Data excerpts:
##############################

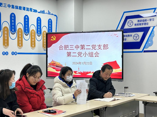 为深入学习贯彻习近平新时代中国特色社会主义思想,严格规范党内政治生活,切实提高党组织的政治力和组织力,2024年1月22日下午,合肥市第三中学第二党支部在君尧楼七楼党建活动中心召开2023年度主题教育专题组织生活会暨民主评议党员大会。本次会议主要分为两部分,由党支部书记蒋自路主持,全体党员参会,校党委委员陈卓全程参与。
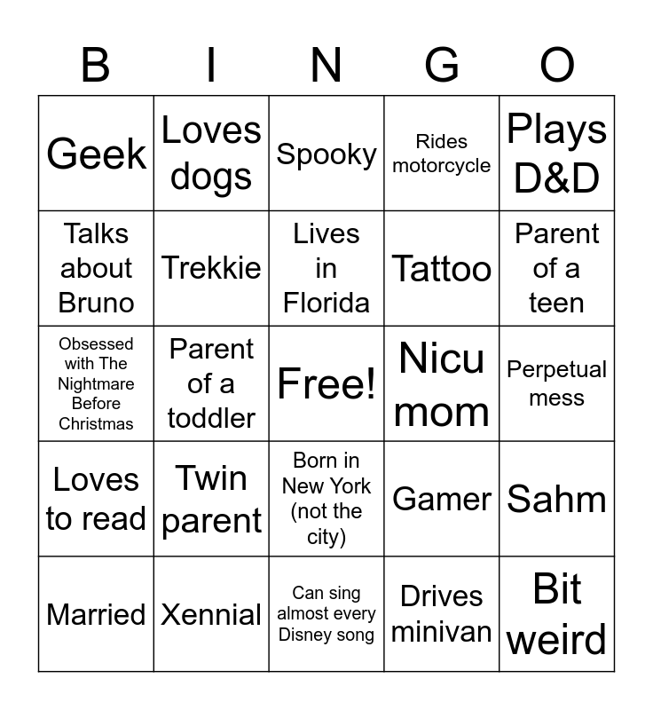 This bingo card has a free space and 24 words: Twin parent, Xennial, Lives in Florida, Married, Plays D&D, Geek, Talks about Bruno, Loves dogs, Nicu mom, Born in New York (not the city), Tattoo, Obsessed with The Nightmare Before Christmas, Gamer, Sahm, Trekkie, Drives minivan, Perpetual mess, Spooky, Parent of a teen, Parent of a toddler, Bit weird, Loves to read, Rides motorcycle and Can sing almost every Disney song.
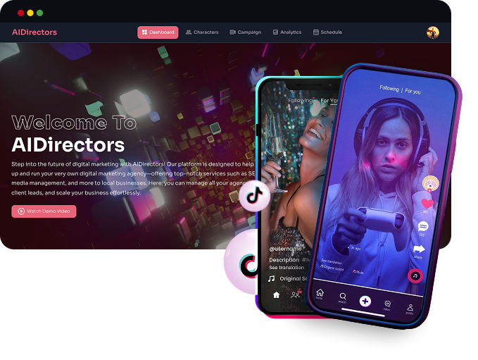 Unlock the full power of AIDirectors with unlimited video ad campaigns, unlimited active projects, unlimited character creations, and unlimited script variations per campaign. Scale without restrictions using advanced avatar libraries with 100+ premium characters, multi-character ad support for complex storylines, 50+ advanced tone and style options, priority video rendering up to 3× faster, built-in A/B testing, deep analytics, AI performance predictions, and bulk scheduling of up to 200 videos at once. Plus, get priority support with a dedicated account manager and exclusive access to the BONUS Advanced Video Ad Mastery Training Program.
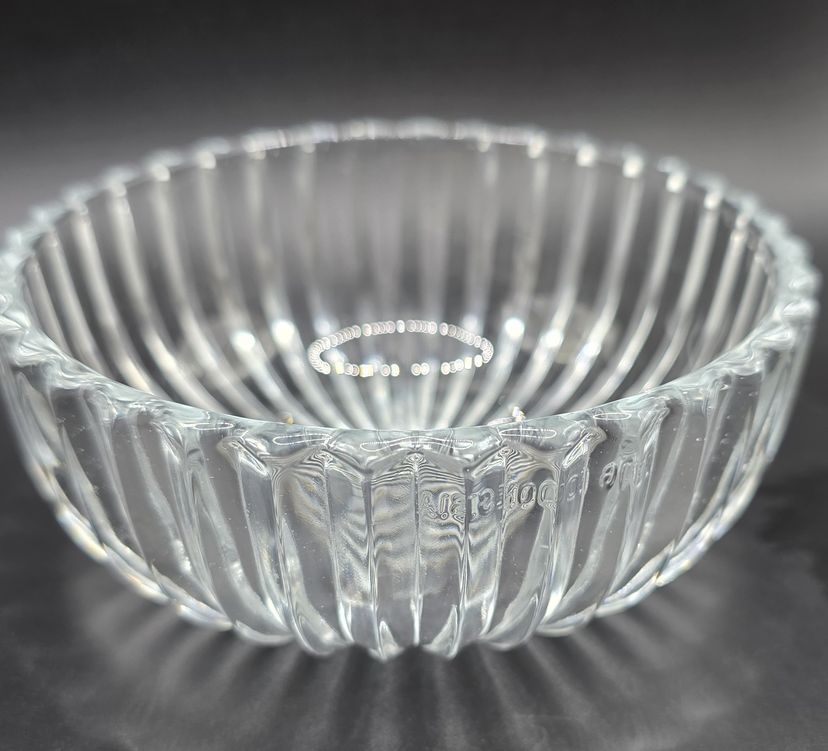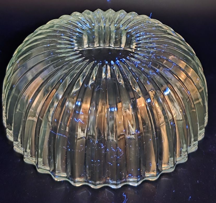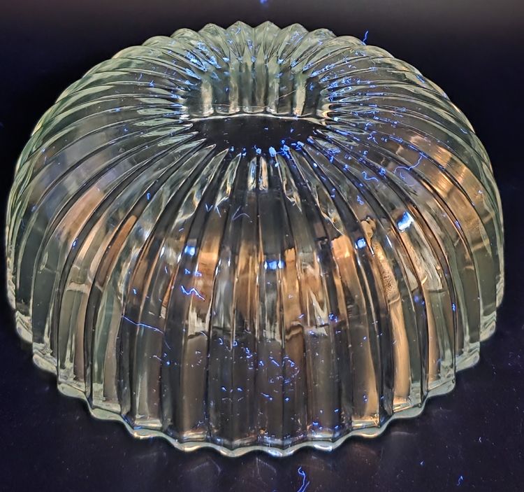 What sets this piece apart is its manganese content—an additive used in glassmaking that causes the bowl to fluoresce under UV light. This subtle scientific trait adds collector appeal, especially among enthusiasts of uranium and manganese glassware. The manganese also contributes to the faint greenish tint visible in natural light.
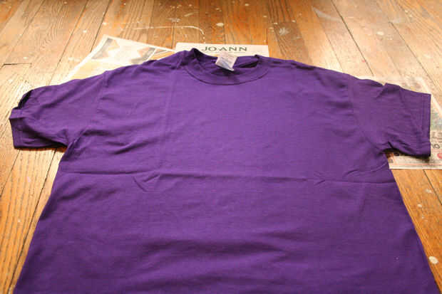 En primer lugar, establezca algún diario viejo y coloque su camiseta en la parte superior. Ahora, resbalón en un trozo de cartón dentro de la camisa. Esto es para evitar las tintas y pigmentos de sangrado a través de la tela.
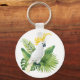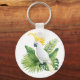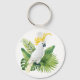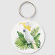 & on the tropical branches with leaves, white cockatoo and tropical leaves on a white background
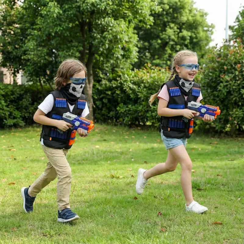 Mis amigos y yo usamos estos para nuestros juegos al aire libre. Me gustan los bolsillos para bocadillos y agua, y a mi mamá le gusta que mis ojos estén cubiertos.
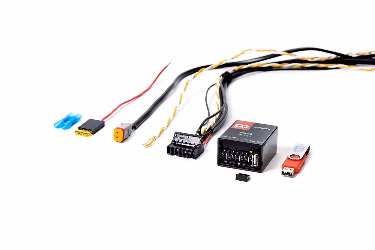 Då många moderna bilar saknar en analog 12 volts signal till helljuset använder man detta interface/kablage.
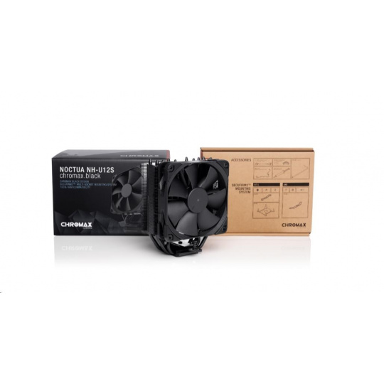 NH-U12S chromax.black je celočerná verze oblíbeného modelu NH-U12S. Díky ověřenému designu heatsinku a větráku NF-F12 PWM dosahuje stejně perfektního výkonu za výjimečné tichosti provozu. To vše v elegantním černém designu. Tuto dokonalost uzavírá známý SecuFirm2™ multi.socket systém, teplovodivá pasta NT-H1 od Noctuy a plná záruka. NH-U12S chromax.black je tak samozřejmou volbou, pokud hledáte všestranně kompatibilní 120mm heatsink, který vypadá tak skvěle, jak chladí.
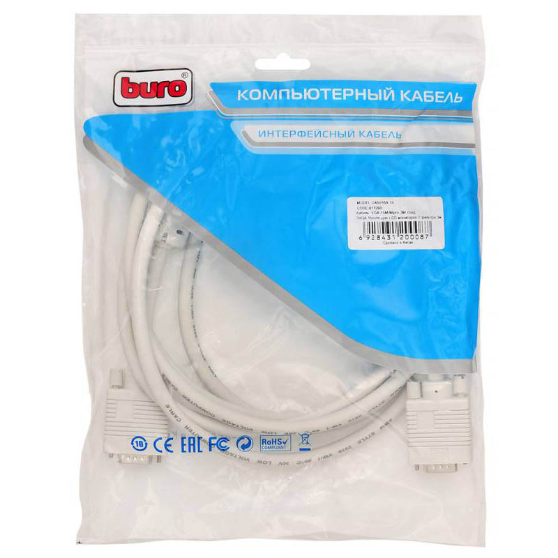 Выбрать товарыВидеокабель BURO, VGA (M) -> VGA (M), 3 м, цвет серый, CAB016S-10
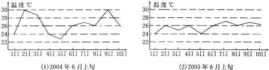 解答:从两幅图中可以看出:2004年6月上旬折线起伏较大,所以2004年6月上旬气温比较不稳定,则2005年6月上旬折线较平稳,则2005年6月上旬气温比较稳定.
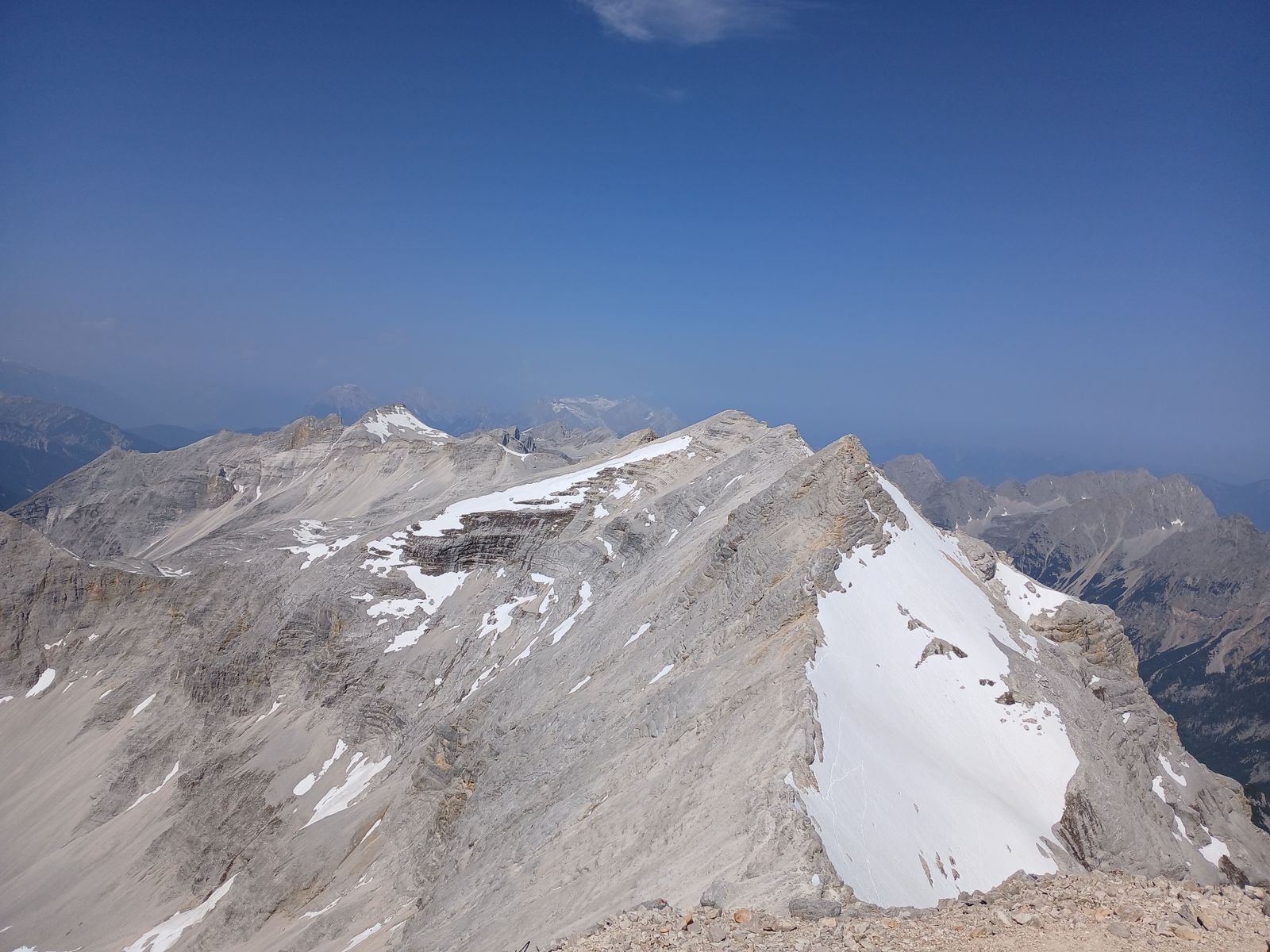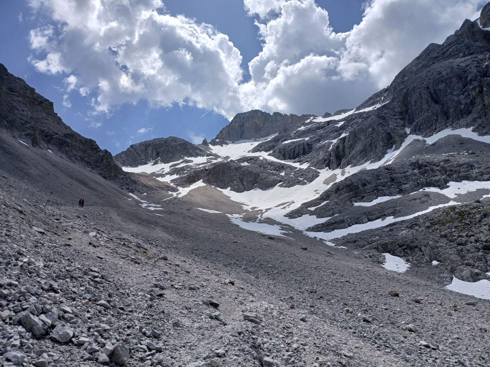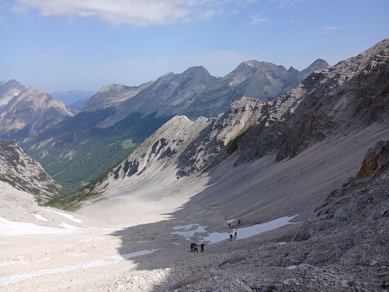 Ab Karwendelhaus ging es zu Fuß weiter zur Birkkarspitze, es sind noch viele Schneefelder ab 2000m.
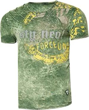 Rusty Neal Herren T-Shirt Rundhals Printed Tee Shirt Kurzarm Regular Fit Stretch 100% Baumwolle S M L XL XXL 3XL 228, Farbe:Khaki, Größe:M
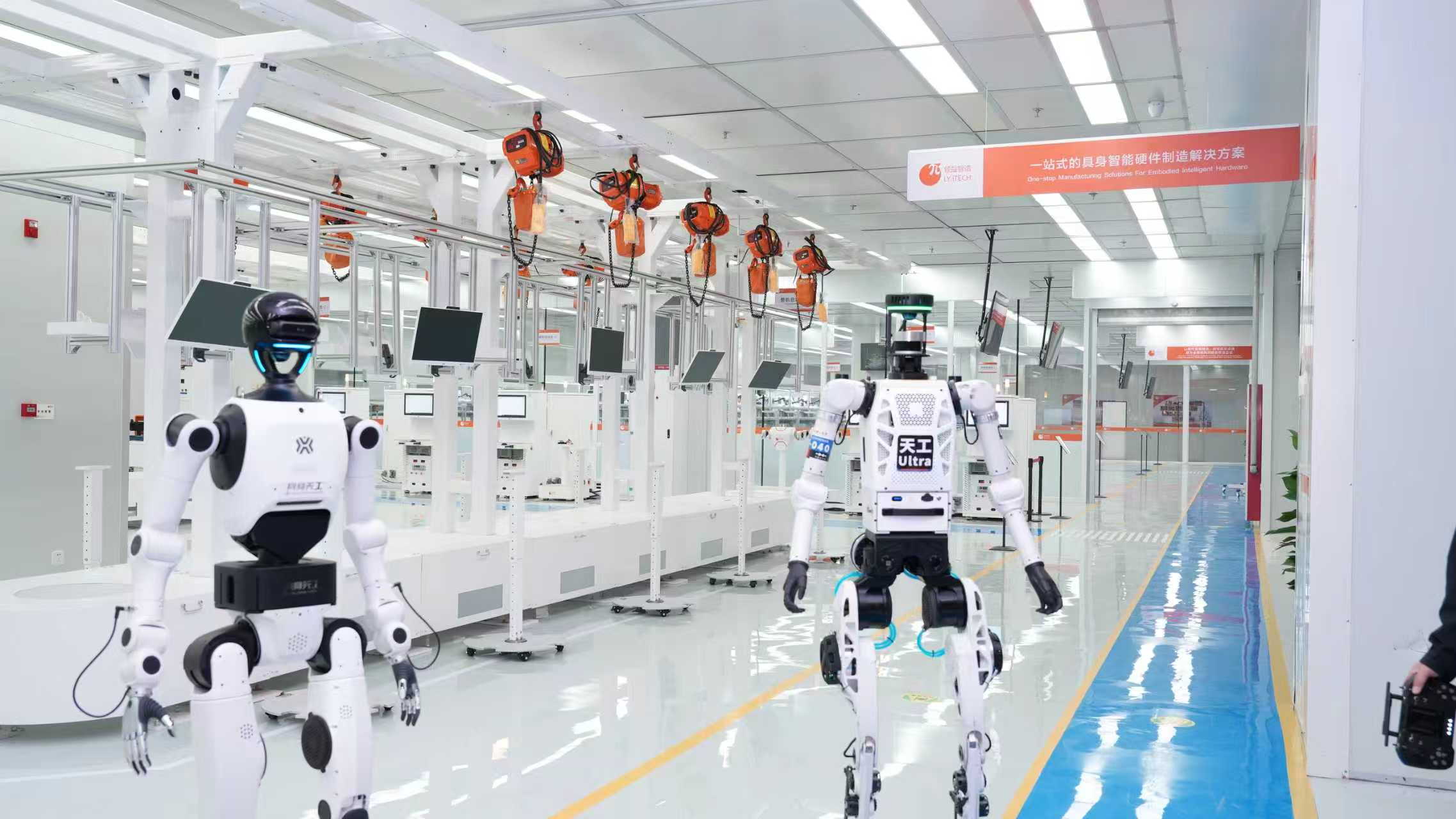 领益智造北京具身智能超级工厂打造了从核心零部件、关节模组、整机组装到整机测试的全链条一站式智造解决方案。该工厂从今年2月9日启动到首批机器人下线,仅用2个月攻坚、13天冲刺,便完成产线搭建、调试与装修,为具身智能产业从“技术突破”迈向“规模化商用”提供基础。
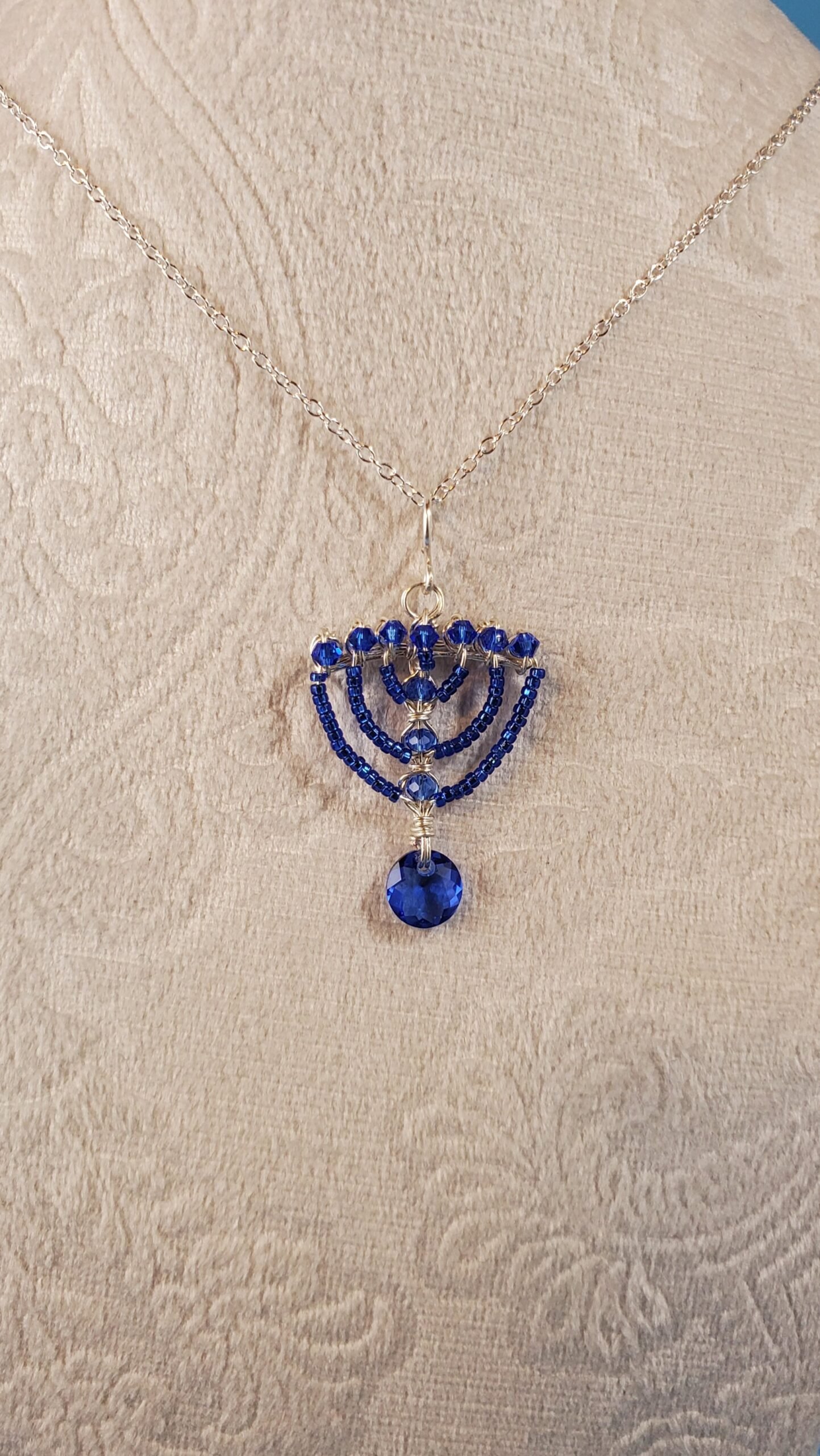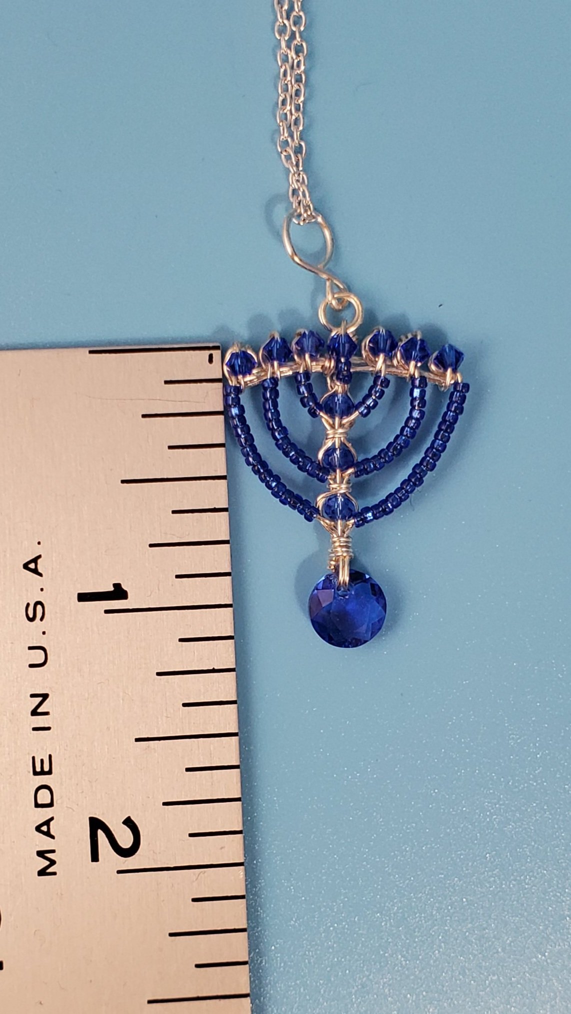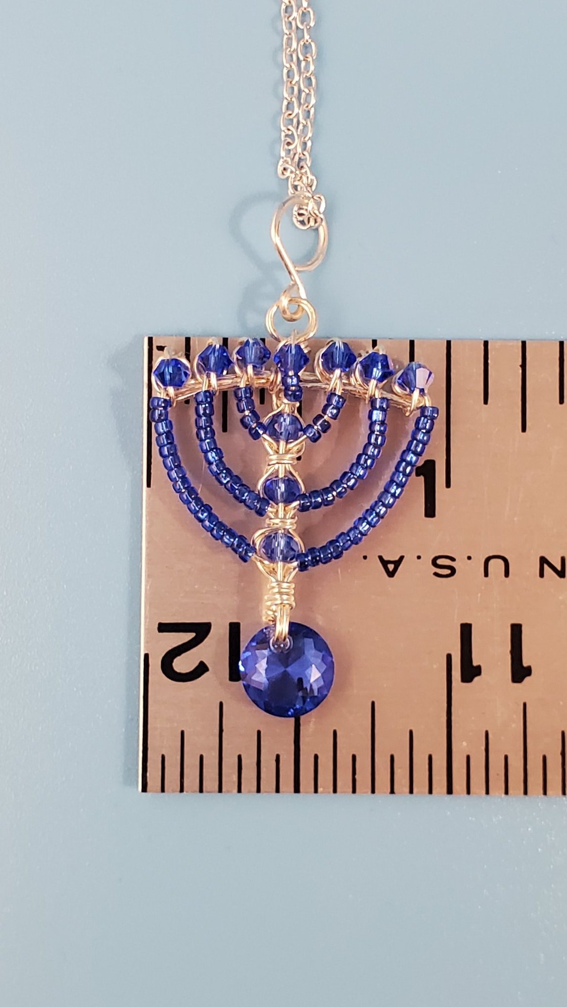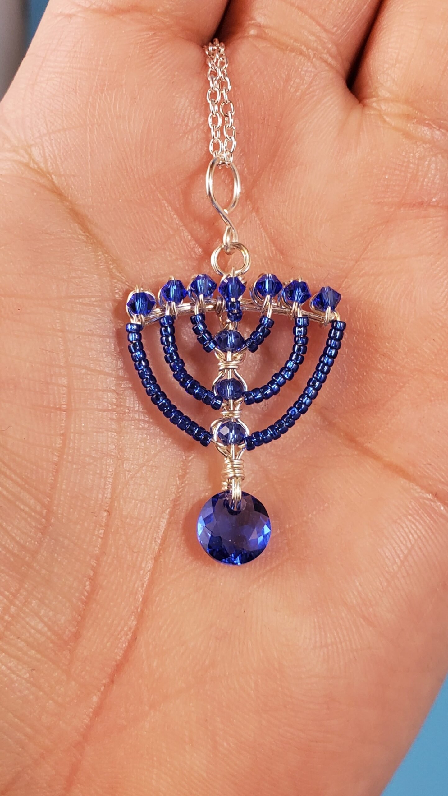 Discover the elegant Justice Menorah Pendant, a handcrafted statement piece designed for faith-inspired style. This unique menorah necklace is carefully made with silver-coated copper wire and beautifully accented with genuine Swarovski crystals and rich royal blue glass seed beads.

##############################

From the line containing "Då många moderna" to the end of the data above, give those lines again verbatim, with both endpoints included and no images.

Task response:
 Då många moderna bilar saknar en analog 12 volts signal till helljuset använder man detta interface/kablage.
 NH-U12S chromax.black je celočerná verze oblíbeného modelu NH-U12S. Díky ověřenému designu heatsinku a větráku NF-F12 PWM dosahuje stejně perfektního výkonu za výjimečné tichosti provozu. To vše v elegantním černém designu. Tuto dokonalost uzavírá známý SecuFirm2™ multi.socket systém, teplovodivá pasta NT-H1 od Noctuy a plná záruka. NH-U12S chromax.black je tak samozřejmou volbou, pokud hledáte všestranně kompatibilní 120mm heatsink, který vypadá tak skvěle, jak chladí.
 Выбрать товарыВидеокабель BURO, VGA (M) -> VGA (M), 3 м, цвет серый, CAB016S-10
 解答:从两幅图中可以看出:2004年6月上旬折线起伏较大,所以2004年6月上旬气温比较不稳定,则2005年6月上旬折线较平稳,则2005年6月上旬气温比较稳定.
 Ab Karwendelhaus ging es zu Fuß weiter zur Birkkarspitze, es sind noch viele Schneefelder ab 2000m.
 Rusty Neal Herren T-Shirt Rundhals Printed Tee Shirt Kurzarm Regular Fit Stretch 100% Baumwolle S M L XL XXL 3XL 228, Farbe:Khaki, Größe:M
 领益智造北京具身智能超级工厂打造了从核心零部件、关节模组、整机组装到整机测试的全链条一站式智造解决方案。该工厂从今年2月9日启动到首批机器人下线,仅用2个月攻坚、13天冲刺,便完成产线搭建、调试与装修,为具身智能产业从“技术突破”迈向“规模化商用”提供基础。
 Discover the elegant Justice Menorah Pendant, a handcrafted statement piece designed for faith-inspired style. This unique menorah necklace is carefully made with silver-coated copper wire and beautifully accented with genuine Swarovski crystals and rich royal blue glass seed beads.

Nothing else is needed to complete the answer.